P values < 0.05 are printed in bold. Abbreviations: CI, confidence interval; HF, heart failure; HR, hazard ratio; MAGGIC, Meta-Analysis Global Group in Chronic Heart Failure; SBP, systolic blood pressure.

CAVI

L-CAVI and R-CAVI did not differ significantly (9.75 vs. 9.64, P = 0.27). In survival analysis (Figure 1c,d), both L-CAVI and R-CAVI predicted the risk of DHFA. In Cox regression (Table 2), right-sided values appeared to be stronger predictors of outcome than left-sided values. After adjustment for the MAGGIC risk score and HF status, only R-CAVI remained a significant predictor (P = 0.0446) of DHFA, which remained significant after further correction for systolic blood pressure (P = 0.0439).

CAVI₀

Similar to haPWV and CAVI, no left–right CAVI₀ difference was observed. CAVI₀ crude survival curves were very similar to CAVI survival curves (compare Figure 1e vs. c and Figure 1f vs. d), with R-CAVI₀ showing smaller P values for DHFA prediction than L-CAVI₀. In Cox regression analyses (Table 2), left–right differences in P value persisted, and L-CAVI₀ and R-CAVI₀ were only significantly predictive in an unadjusted model.

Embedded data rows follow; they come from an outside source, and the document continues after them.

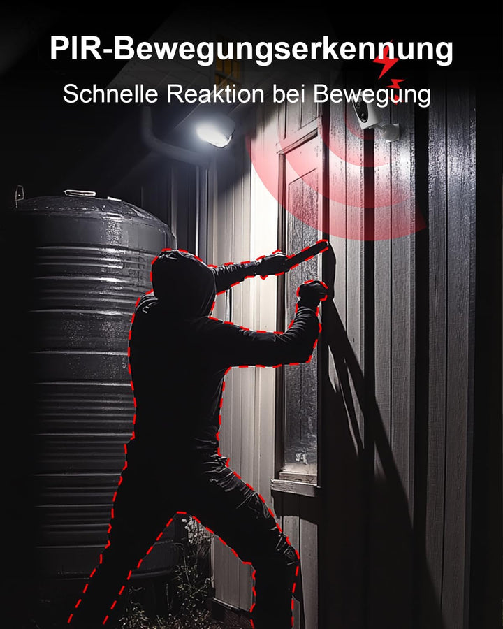 - 【PIR-Bewegungserkennung & Alarmton】Wenn eine Bewegung erkannt wird, sendet die Kamera einen Alarm und Benachrichtigungen an Ihr Smartphone. Durch Drücken der Sprechtaste können Sie in Echtzeit kommunizieren.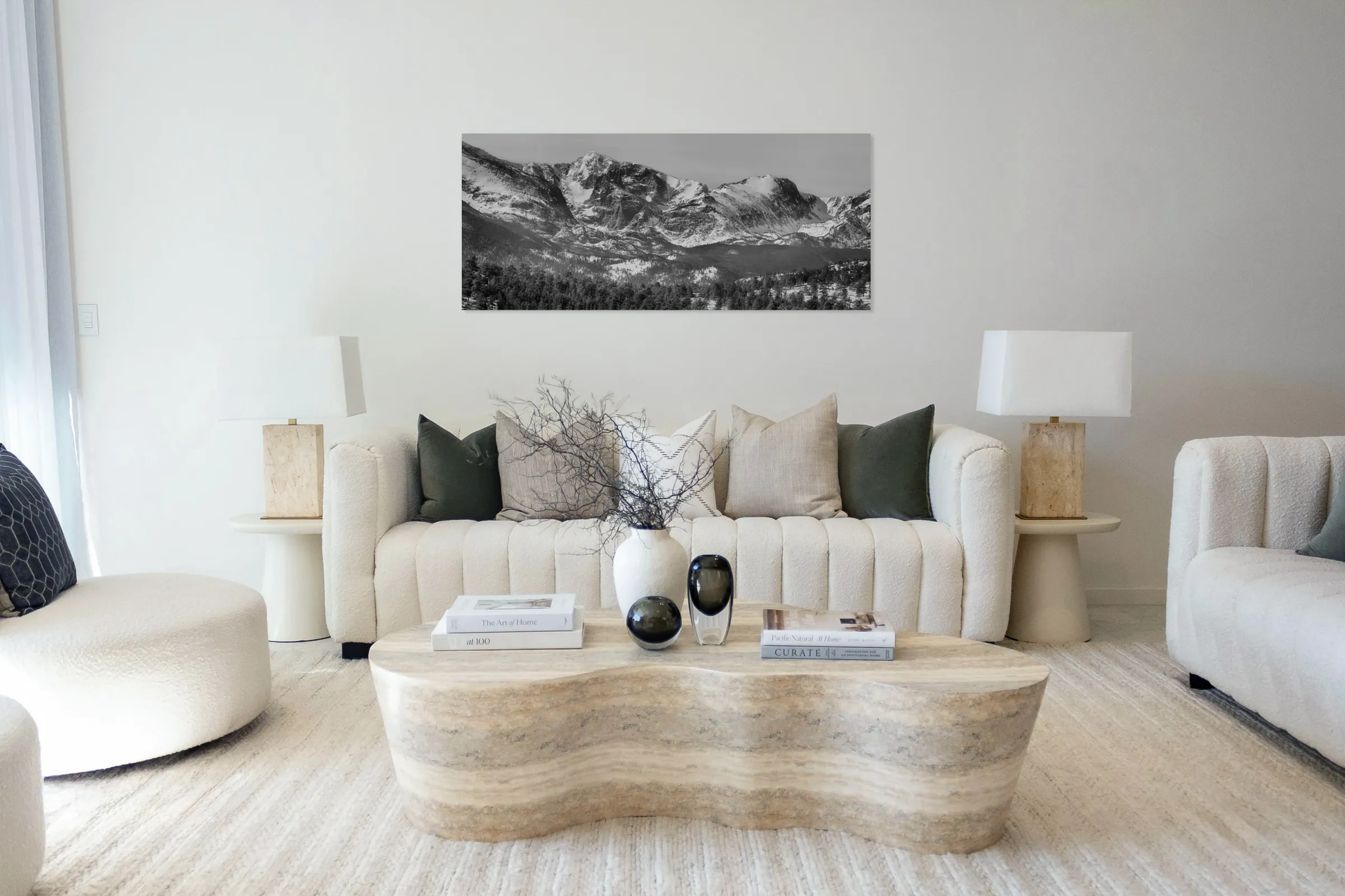 Scenic panorama view of the snow covered Mummy Range Ypsilon Mountain elevation 13520 ft and Fairchild Mountain elevation 13508 ft. The mountain is northwest of Estes Park in Rocky Mountain National Park. Colorado Fine art nature landscape photography poster prints decorative canvas prints acrylic prints metal prints corporate artwork greeting cards and stock images by James Bo Insogna C - All Rights Reserved. Please feel Free to share our links with Family or Friends who may also enjoy them. If you like my Art Gallery please spread the word and press the Pinterest FB Google+ Twitter or SU Buttons! Thank you! *PLEASE NOTE WATERMARKS WILL NOT BE ON THE PURCHASE PRINTS*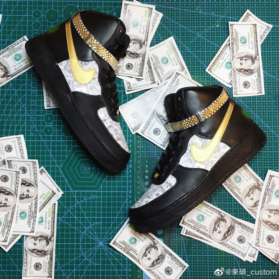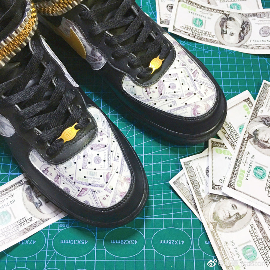 纯黑装扮的 Air Force 1 在鞋头与鞋身中部,都换上了奢靡的美金花纹妆点。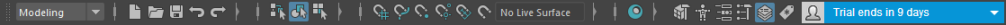Maya LT のバージョンによっては、Autodesk アカウントのユーザ名や体験版の残り日数が表示されます。現在のユーザーを変更したり、Maya LT を購入するなど、他のオプションについてはクリックします。ライセンスの詳細については、「Maya LT のインストール」を参照してください。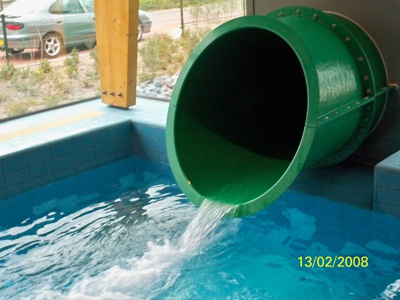 Es gibt auch ein Babybecken mit dem Maskottchen"Juultje", der auf der Babyrutsche steht und von dort alles beobachtet.

Comparison of predictive powers of haPWV, CAVI, and CAVI₀

Figure 2 shows the results of Cox regression from Table 2 as volcano plots. In all 3 panels, a trend emerged suggesting that, with increasing blood pressure correction (i.e., from haPWV to CAVI to CAVI₀), predictive power decreases as visualized by the arrows (standardized hazard ratio decreases while P increases, noting that the y-axis shows negative log-transformed P values).

Figure 2.

Volcano plots for prediction of death or heart failure (HF)-related hospital admission using left (L) and right (R) heart-to-ankle pulse wave velocity (haPWV), cardio-ankle vascular index (CAVI), and CAVI₀. Right-pointing triangles indicate right-sides measures; left-pointing triangles indicate left-sided measures. Small horizontal lines are drawn to clarify triangle direction. Long-tailed, diagonal arrows illustrate that, with increasing blood pressure correction, power to predict outcome decreases, suggesting that part of the predictive power of blood pressure-dependent stiffness metrics arises from the predictive power of blood pressure per se. This trend persists in unadjusted (a), MAGGIC and HF status-adjusted (b), and additionally SBP-adjusted (c) analyses. Abbreviations: HR, hazard ratio; MAGGIC, Meta-Analysis Global Group in Chronic Heart Failure; SBP, systolic blood pressure.

DISCUSSION

We assessed the ability of 3 arterial stiffness metrics based on heart-to-ankle transit time measurements to predict DHFA in a US-based population: haPWV, CAVI, and CAVI₀. We observed that (i) going from haPWV to CAVI to CAVI₀, predictive power shows a decreasing trend, and (ii) metrics obtained from the right body side appeared to show a stronger predictive ability than those from the left body side.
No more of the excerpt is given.